* [TASK BRIEF]
Would you please output, word for word, the span of the listing below that opens on the line containing "至此,布魯諾-費(fèi)爾" and closes on the line containing "이걸 이용해서 비어있던"? Include both ends and nothing more.

* [DATA PROVIDED]
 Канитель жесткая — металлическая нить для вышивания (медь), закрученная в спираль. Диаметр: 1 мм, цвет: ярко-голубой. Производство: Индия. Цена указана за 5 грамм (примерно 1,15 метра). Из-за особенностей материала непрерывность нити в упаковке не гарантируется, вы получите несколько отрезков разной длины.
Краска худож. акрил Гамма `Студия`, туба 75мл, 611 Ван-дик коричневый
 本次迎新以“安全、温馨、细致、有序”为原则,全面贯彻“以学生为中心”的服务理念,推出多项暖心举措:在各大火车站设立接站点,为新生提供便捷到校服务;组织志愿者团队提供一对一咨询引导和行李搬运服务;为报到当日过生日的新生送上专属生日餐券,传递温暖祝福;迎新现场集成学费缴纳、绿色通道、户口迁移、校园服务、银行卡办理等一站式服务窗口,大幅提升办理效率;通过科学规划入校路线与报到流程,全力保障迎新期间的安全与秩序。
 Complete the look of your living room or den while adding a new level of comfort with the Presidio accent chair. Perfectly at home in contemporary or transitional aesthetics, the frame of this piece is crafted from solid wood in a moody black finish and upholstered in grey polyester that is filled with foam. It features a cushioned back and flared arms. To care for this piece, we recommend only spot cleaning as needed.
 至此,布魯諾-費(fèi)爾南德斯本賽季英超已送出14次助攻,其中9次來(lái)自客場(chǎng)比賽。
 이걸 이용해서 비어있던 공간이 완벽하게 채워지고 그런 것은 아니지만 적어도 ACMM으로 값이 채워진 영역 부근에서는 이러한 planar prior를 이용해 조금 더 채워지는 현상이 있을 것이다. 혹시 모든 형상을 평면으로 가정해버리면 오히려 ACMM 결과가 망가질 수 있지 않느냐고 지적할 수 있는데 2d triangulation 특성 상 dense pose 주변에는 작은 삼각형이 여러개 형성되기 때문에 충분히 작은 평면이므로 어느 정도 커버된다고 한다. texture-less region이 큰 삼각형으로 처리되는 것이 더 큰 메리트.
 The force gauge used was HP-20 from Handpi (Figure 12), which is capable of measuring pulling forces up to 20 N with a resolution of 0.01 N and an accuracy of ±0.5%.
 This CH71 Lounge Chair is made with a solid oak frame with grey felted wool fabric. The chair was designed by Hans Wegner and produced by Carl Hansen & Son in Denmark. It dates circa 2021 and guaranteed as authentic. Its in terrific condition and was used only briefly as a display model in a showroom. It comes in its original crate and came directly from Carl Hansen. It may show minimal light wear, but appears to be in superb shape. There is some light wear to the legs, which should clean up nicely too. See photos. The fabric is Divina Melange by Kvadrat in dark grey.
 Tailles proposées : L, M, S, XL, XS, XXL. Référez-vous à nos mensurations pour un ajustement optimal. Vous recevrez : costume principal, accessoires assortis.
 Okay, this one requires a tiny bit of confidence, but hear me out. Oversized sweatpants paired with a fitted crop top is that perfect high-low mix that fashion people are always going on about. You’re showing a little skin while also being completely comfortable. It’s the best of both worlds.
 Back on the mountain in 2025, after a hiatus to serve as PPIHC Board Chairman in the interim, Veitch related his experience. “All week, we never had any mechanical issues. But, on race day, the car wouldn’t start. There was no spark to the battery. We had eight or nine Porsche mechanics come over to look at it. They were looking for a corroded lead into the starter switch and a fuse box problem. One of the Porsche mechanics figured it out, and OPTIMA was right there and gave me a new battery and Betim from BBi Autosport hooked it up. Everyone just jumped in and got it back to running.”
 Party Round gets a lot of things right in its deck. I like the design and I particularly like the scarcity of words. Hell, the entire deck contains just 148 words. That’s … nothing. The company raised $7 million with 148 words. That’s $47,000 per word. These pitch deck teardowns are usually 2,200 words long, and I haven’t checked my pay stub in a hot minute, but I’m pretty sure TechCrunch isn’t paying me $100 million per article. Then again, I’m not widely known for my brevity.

* [SOLUTION TO THIS EXERCISE]
 至此,布魯諾-費(fèi)爾南德斯本賽季英超已送出14次助攻,其中9次來(lái)自客場(chǎng)比賽。
 이걸 이용해서 비어있던 공간이 완벽하게 채워지고 그런 것은 아니지만 적어도 ACMM으로 값이 채워진 영역 부근에서는 이러한 planar prior를 이용해 조금 더 채워지는 현상이 있을 것이다. 혹시 모든 형상을 평면으로 가정해버리면 오히려 ACMM 결과가 망가질 수 있지 않느냐고 지적할 수 있는데 2d triangulation 특성 상 dense pose 주변에는 작은 삼각형이 여러개 형성되기 때문에 충분히 작은 평면이므로 어느 정도 커버된다고 한다. texture-less region이 큰 삼각형으로 처리되는 것이 더 큰 메리트.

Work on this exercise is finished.